*** Block opens ***

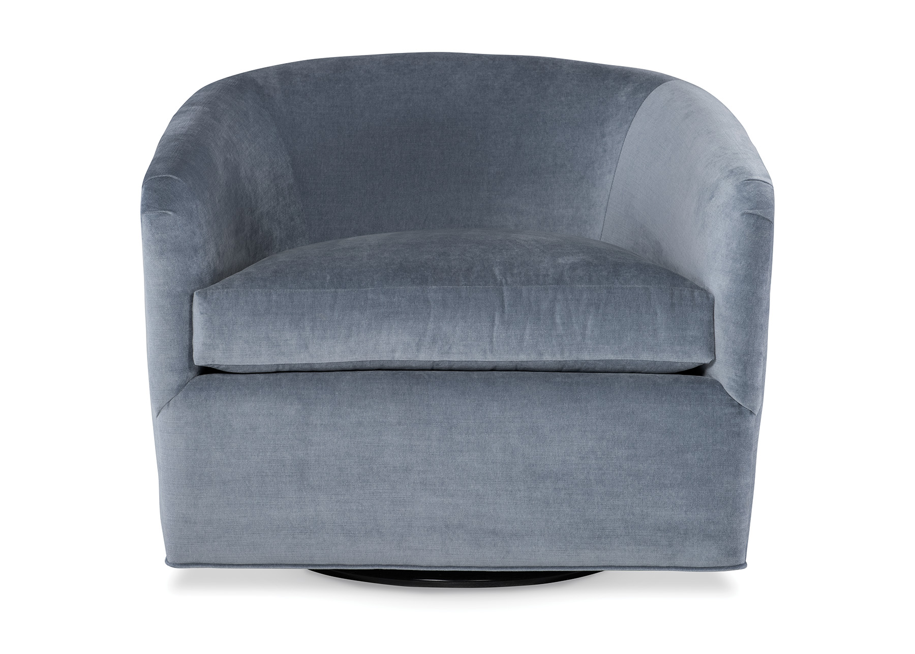 The Delano Swivel Chair combines sophisticated style with exceptional comfort. Its smooth barrel-back silhouette wraps you in support, offering a perfect balance between form and function. With extra wide seating, this chair invites relaxation while maintaining a refined, tailored look.
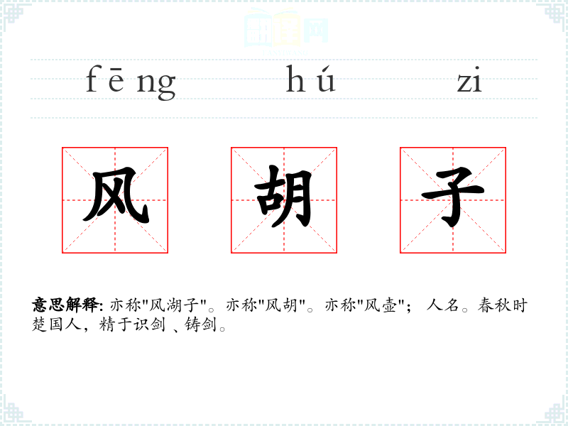 亦称"风湖子"。亦称"风胡"。亦称"风壶"; 人名。春秋时楚国人,精于识剑﹑铸剑。
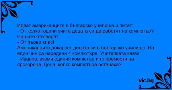Американците докарват децата си в българско училище. На един чин са наредени 4 компютъра. Учителката казва:
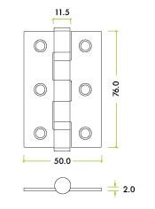 Steel Ball Bearing Butt Hinge. 76 x 50 x 2mm.
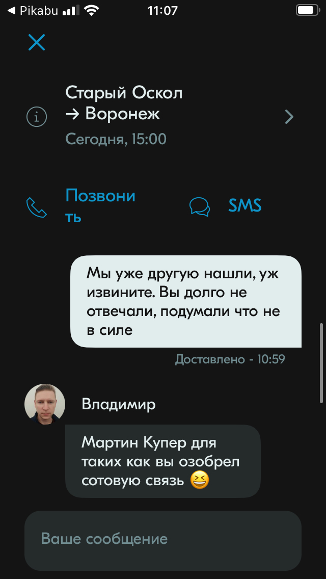 Дальше паника, ужас, иногда обвинение меня в том, что я таксист, посредник и вообще негодяй в 4 колене.
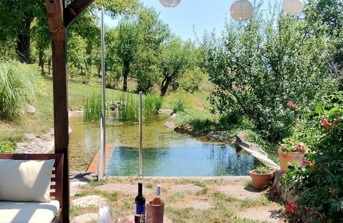 Our house is located on the southern slope with a breathtaking view of the surrounding hills, pine forests, fields and small villages in the distance.

*** Block closes ***

**What to produce:**
Copy each line above precisely, dropping the pictures.

**The completed task:**
 The Delano Swivel Chair combines sophisticated style with exceptional comfort. Its smooth barrel-back silhouette wraps you in support, offering a perfect balance between form and function. With extra wide seating, this chair invites relaxation while maintaining a refined, tailored look.
 亦称"风湖子"。亦称"风胡"。亦称"风壶"; 人名。春秋时楚国人,精于识剑﹑铸剑。
Американците докарват децата си в българско училище. На един чин са наредени 4 компютъра. Учителката казва:
 Steel Ball Bearing Butt Hinge. 76 x 50 x 2mm.
 Дальше паника, ужас, иногда обвинение меня в том, что я таксист, посредник и вообще негодяй в 4 колене.
 Our house is located on the southern slope with a breathtaking view of the surrounding hills, pine forests, fields and small villages in the distance.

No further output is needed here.